EXERCISE DIRECTIONS: Return, word for word, the lines of the listing below from the one with "Womens One Shoulder" through the one with "Друзья, перекличка! 🙌", and no other lines.

DATA SUPPLIED:
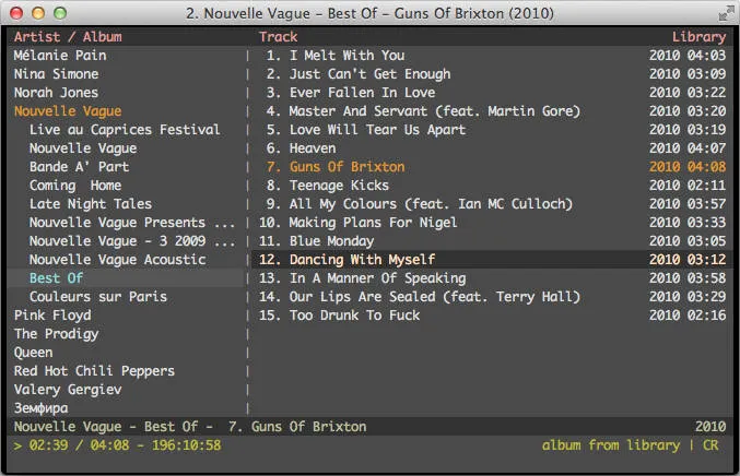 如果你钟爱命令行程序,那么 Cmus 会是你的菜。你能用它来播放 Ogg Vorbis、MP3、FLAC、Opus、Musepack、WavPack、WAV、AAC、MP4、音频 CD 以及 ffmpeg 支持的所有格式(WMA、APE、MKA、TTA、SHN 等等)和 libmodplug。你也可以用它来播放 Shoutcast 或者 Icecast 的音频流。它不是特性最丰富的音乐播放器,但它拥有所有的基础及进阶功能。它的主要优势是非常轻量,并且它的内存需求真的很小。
...
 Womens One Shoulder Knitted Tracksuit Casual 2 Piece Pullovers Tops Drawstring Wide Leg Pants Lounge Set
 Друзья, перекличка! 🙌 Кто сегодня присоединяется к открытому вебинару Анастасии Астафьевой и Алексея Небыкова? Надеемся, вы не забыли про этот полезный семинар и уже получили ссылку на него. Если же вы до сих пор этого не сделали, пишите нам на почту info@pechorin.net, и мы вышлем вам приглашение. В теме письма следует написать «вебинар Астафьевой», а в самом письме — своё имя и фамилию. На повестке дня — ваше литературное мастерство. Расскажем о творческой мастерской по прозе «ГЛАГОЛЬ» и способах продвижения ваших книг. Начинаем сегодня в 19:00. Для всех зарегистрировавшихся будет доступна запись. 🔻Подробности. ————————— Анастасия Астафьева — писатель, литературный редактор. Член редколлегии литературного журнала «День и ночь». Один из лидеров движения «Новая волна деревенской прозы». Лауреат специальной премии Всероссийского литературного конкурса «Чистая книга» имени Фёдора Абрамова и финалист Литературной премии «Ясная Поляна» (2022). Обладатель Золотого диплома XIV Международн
---
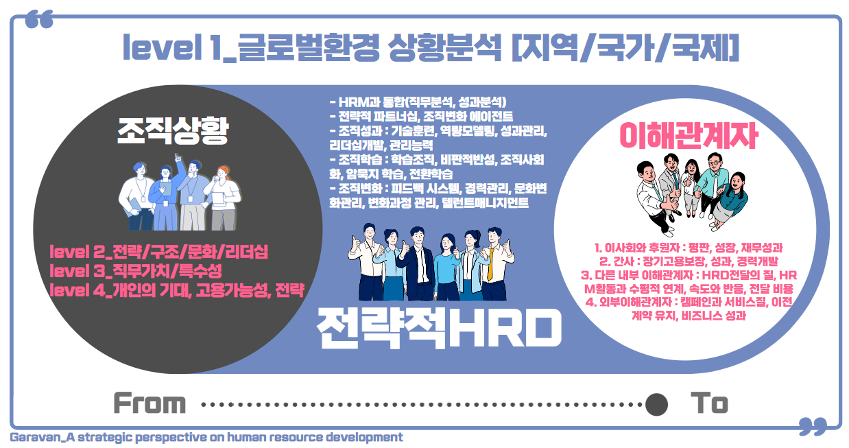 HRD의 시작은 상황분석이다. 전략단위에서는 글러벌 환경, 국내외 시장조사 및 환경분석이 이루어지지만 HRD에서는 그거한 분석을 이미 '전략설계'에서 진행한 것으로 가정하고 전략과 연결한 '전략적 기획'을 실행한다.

EXERCISE SOLUTION:
 Womens One Shoulder Knitted Tracksuit Casual 2 Piece Pullovers Tops Drawstring Wide Leg Pants Lounge Set
 Друзья, перекличка! 🙌 Кто сегодня присоединяется к открытому вебинару Анастасии Астафьевой и Алексея Небыкова? Надеемся, вы не забыли про этот полезный семинар и уже получили ссылку на него. Если же вы до сих пор этого не сделали, пишите нам на почту info@pechorin.net, и мы вышлем вам приглашение. В теме письма следует написать «вебинар Астафьевой», а в самом письме — своё имя и фамилию. На повестке дня — ваше литературное мастерство. Расскажем о творческой мастерской по прозе «ГЛАГОЛЬ» и способах продвижения ваших книг. Начинаем сегодня в 19:00. Для всех зарегистрировавшихся будет доступна запись. 🔻Подробности. ————————— Анастасия Астафьева — писатель, литературный редактор. Член редколлегии литературного журнала «День и ночь». Один из лидеров движения «Новая волна деревенской прозы». Лауреат специальной премии Всероссийского литературного конкурса «Чистая книга» имени Фёдора Абрамова и финалист Литературной премии «Ясная Поляна» (2022). Обладатель Золотого диплома XIV Международн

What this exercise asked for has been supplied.